# Transom height



## flaco (Feb 14, 2007)

So, I'm basically rebuilding a boat that wasn't designed to have a motor (project post and pics coming soon hopefully...), and I will be rebuilding the transom to support a small outboard (can't handle much over 5 or 6 hp probably, but I will be testing it with a few motors).

My question is this: I will need to raise the existing transom and I'm not sure how to determine how high I need to build it. I was considering putting a Bob's micro jack on it to allow me to use a longshaft motor. This way, the tiller will be a little higher, and more comfortable to drive.

Do I just measure up 15" from the very bottom of the hull to the top of my new transom?
Is there a standard measurement, or does it completely depend on how the boat sits in the water?
Thanks dudes


----------



## Brett (Jul 16, 2008)

Transom height is determined by outboard shaft height.
Normally a transom is either 15 inches or 20 inches tall, measured square to the underside of the keel.
Not along the skew angle of the transom!


----------



## flaco (Feb 14, 2007)

Thanks a lot


----------



## Bob (Feb 2, 2007)

Do you already have the outboard you're going to mount on the modified transom?

If you want the cavitation plate dead even with the hull bottom, 15" &/or 20" isn't always the measurement that will get you there.  In fact, it might be off by over 1-1/2".

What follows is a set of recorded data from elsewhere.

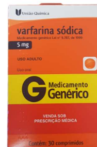
10478-Varfarina sódica 5mg c/30 Referência: Merevan
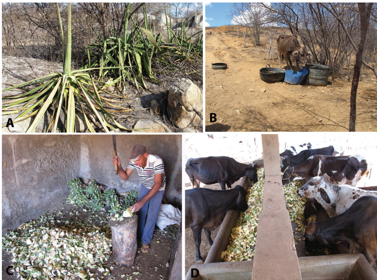
Fig.1. (A) Agave sisalana com folhas amareladas e secas, Matureia/PB, registro em 12 nov. 2012. (B) Ausência de forragem no piquete onde os bovinos, que tiveram compactação ruminal, eram criados. (C) Caules de Agave sisalana sendo picados a facão para fornecimento para o gado. (D) Rebanho bovino comendo A. sisalana .

Objetivou-se com esse trabalho descrever os aspectos epidemiológicos e as alterações clínico-patológicas de um surto de alterações digestórias em bovinos alimentados com A. sisalana , no município de Matureia, estado da Paraíba.
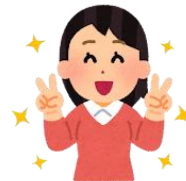
④300円引きでお店を利用
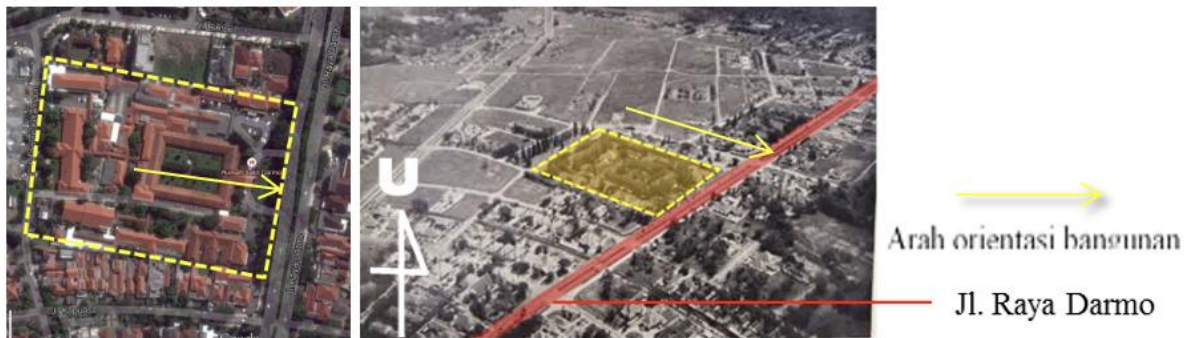
Gambar 10 Orientasi Rumah Sakit Darmo mengikuti pergerakan matahari

Pada desain rumah sakit Darmo tersebut terlihat betapa besar perhatian Citroen terhadap iklim tropis lembab. Bangunan Rumah Sakit Darmo berorientasi ke arah Timur (gambar 10), hal ini dilakukan untuk menghindari paparan matahari secara langsung dan merupakan salah satu upaya untuk beradaptasi dengan lingkungannya. Arah mata angin Utara dan Barat merupakan area yang kelak mendapat paparan sinar matahari paling banyak pada saat terekspos, oleh karenanya Citroen berusaha agar persebaran sinar matahari yang secara ilmiah dinilai sehat merata melalui desain tapak membujur persegi panjang dari timur ke barat.
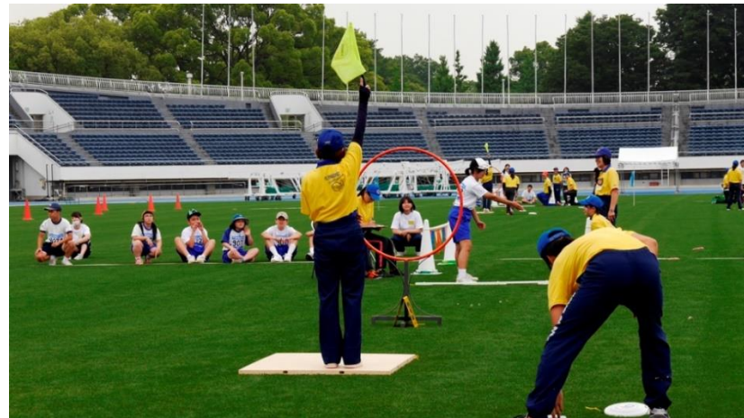
⑯サークルを通過しました、ポイントゲット。10回投げます。
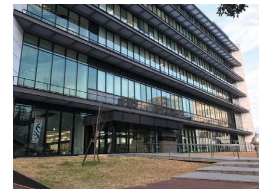
熊本市上下水道局庁舎

所在地 熊本市中央区手取本町1番1号 人口 738,567人 (2020年10月1日現在) 世帯数 330,788世帯 (2020年10月1日現在) 職員数 8,553名 (2020年4月1日現在)
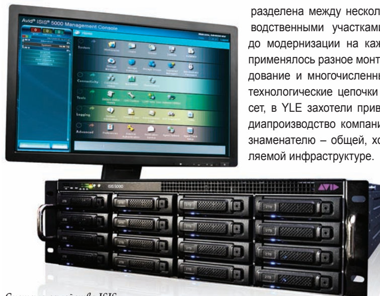
Система семейства ISIS

Ответственность за создание и вещание широкого спектра телепередач YLE, включая сериалы, документальные филь-
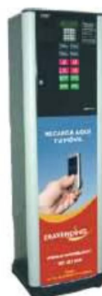
Recargas de telefonía móvil y tarjetas internacionales
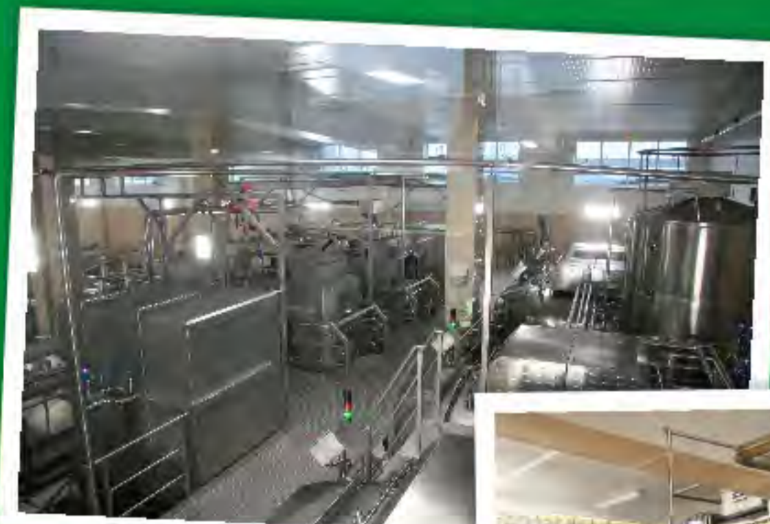
Zwiedzanie mleczarni OAO Mołocznyj Mir
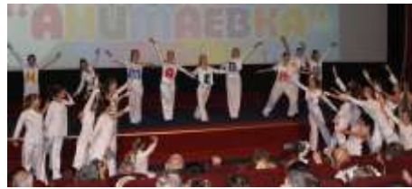
Дании, Ирака, Колумбии, Сингапура,

17 сентября в Могилеве открылся XVII Международный фестиваль «Анимаевка-2014» - форум мультипликационных фильмов, на котором были представлены 159 анимационных работ из 39 стран мира. С каждым годом этот веселый праздник расширяет границы. На этот раз впервые в нем участвуют аниматоры из Аргентины, Бразилии,
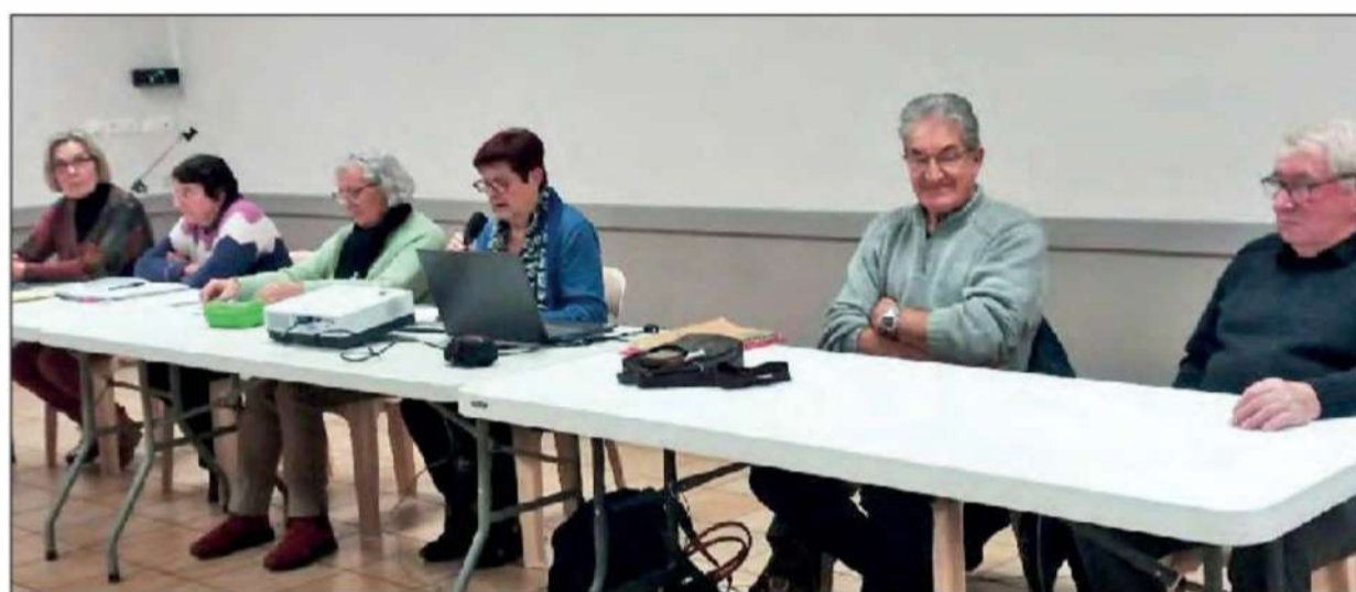
Le bureau félicité pour son investissement.

Jeudi 19 janvier, malgré une météo hivernale, plus de quatre-vingts personnes se retrouvaient, salle Denys Puech, pour l'assemblée générale annuelle du club "Soleil d'Automne". Dès 14h, les fidèles joueurs de cartes ne manquaient pas leur rendez-vous hebdomadaire et parallèlement les adhésions étaient prises. A 15h30 l'assemblée générale pouvait commencer.
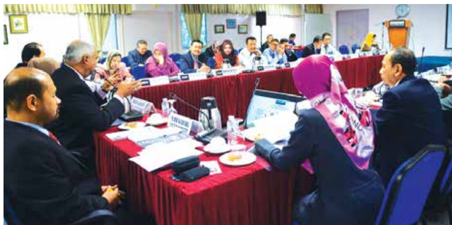
Sesi RTD membincangkan status pelaksanaan integriti institusi keluarga.
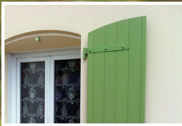
Penture / contre penture

Ex:  A Yamaha 2-stroke model 25N short shaft is 16-1/2" from the mounting bracket to the cavitation plate.  The long shaft version is 21-1/2".


----------



## The_Skiff_Shop (Oct 28, 2008)

> Do you already have the outboard you're going to mount on the modified transom?
> 
> If you want the cavitation plate dead even with the hull bottom, 15" &/or 20" isn't always the measurement that will get you there.  In fact, it might be off by over 1-1/2".
> 
> Ex:  A Yamaha 2-stroke model 25N short shaft is 16-1/2" from the mounting bracket to the cavitation plate.  The long shaft version is 21-1/2".



I agree. I'm changing the transom on a project boat to accept a 20" motor.  The height of the transom from the bottom of the boat to the top of transom will be 22-1/2".  If I had left it at 15", I would have raised it 2-1/2" for a total of 17-1/2".


----------



## flaco (Feb 14, 2007)

Dern, I understood after the first reply, now I'm confused again. 

You're saying I build the transom based on what motor I get?


----------



## Brett (Jul 16, 2008)

If you just want to go fishing, 15 or 20 inches will do the job.
If you want the absolute best performance,
you adjust your transom height to fit the motor exactly.
That's why so many jackplates are sold.
Folks attempting to obtain every bit of speed out of their boats.


----------